Nonetheless, the CMA used the anticipated tobacco industry opposition to Proposition 99 as its excuse for not making more of a commitment to the campaign. Langness observed,

They [CMA] said, “Oh they're [the tobacco industry] going to spend 40-50 million dollars and they're going to defeat you with sheer money and no matter how much money we put in, it's going to be going down a rat hole.” So what's unfortunate was, we based our campaign on the eventuality of CMA money and it never came. And we weren't able to do a lot of things that we would otherwise have been able to do had it come. And also, during the second period after their “guns and gangs” campaign failed to do anything in the polls, the tobacco industry really hit the doctors. I don't know if you heard any of their ads about the golf clubs dropping in the trunk of the Mercedes. But they were obviously the most visible target. And frankly had we bounced them at that point, had we just kicked them out, it probably would have been smarter.

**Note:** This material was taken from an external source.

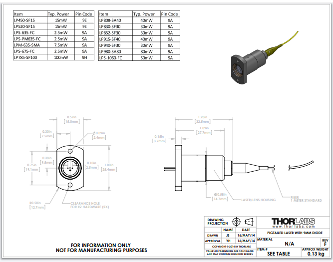 Thorlabs索雷博     LP830-SF30 - 激光二极管
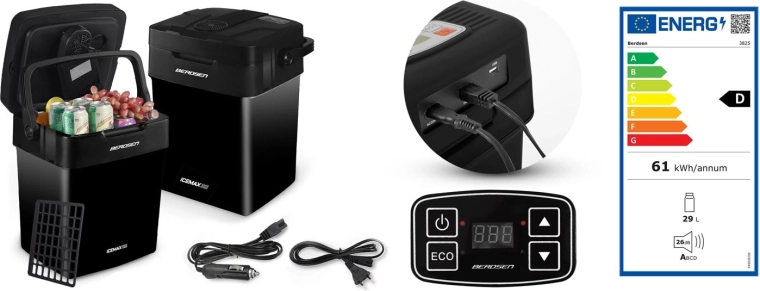 Den bærbare elektriske køleboks BERDSEN ICEMAX med et volumen på 29 liter er en pålidelig ledsager til rejser, camping og stranden. Takket være termoelektrisk teknologi kan den køle op til 18 °C under omgivelsestemperaturen og også opvarme op til +65 °C. To tilstande – ECO for lavere forbrug og Normal for hurtig ydelse – gør det muligt at tilpasse driften til aktuelle behov.

Because it would have removed that target from the campaign.[44]

In June 1988 the CMA Council, in fact, had formally decided to back off in its support for the campaign. It agreed

not to contribute additional funds to the tobacco tax initiative campaign. The CMA believes it is not in the best interest of physicians to battle the tobacco industry, which has pledged to defeat the November ballot measure with a multi-million-dollar campaign that is likely to single out physicians as personal beneficiaries of the revenues generated. Part of the revenue from the increased tobacco tax will be used for health education and to offset the uncompensated care problem. The CMA will support the initiative by providing physicians with information about the initiative through California Physician magazine and possible all-member mailings.[46] [emphasis added]


This decision was not made public at the time, however, and Jay Michael continued to press for more of the Proposition 99 monies to go into health care.

There were even official conversations about kicking the CMA out of the Coalition. According to Langness,

We talked about it in meetings. People were angry as hell. Because basically what the docs did was played an end game on us. They committed to a certain amount of funds, we based the campaign on those funds, then when we look forward to such a point where the campaign was locked in, they said, “Oh gee, sorry, we ran out of money.” They know that if we lost, it was no skin off their nose. And if we won, great! They'd get a cheap victory. I think all of us got an education in extremely cynical coalition politics at that point.[44]

The Coalition did not act on these feelings, however; the CMA remained in the coalition.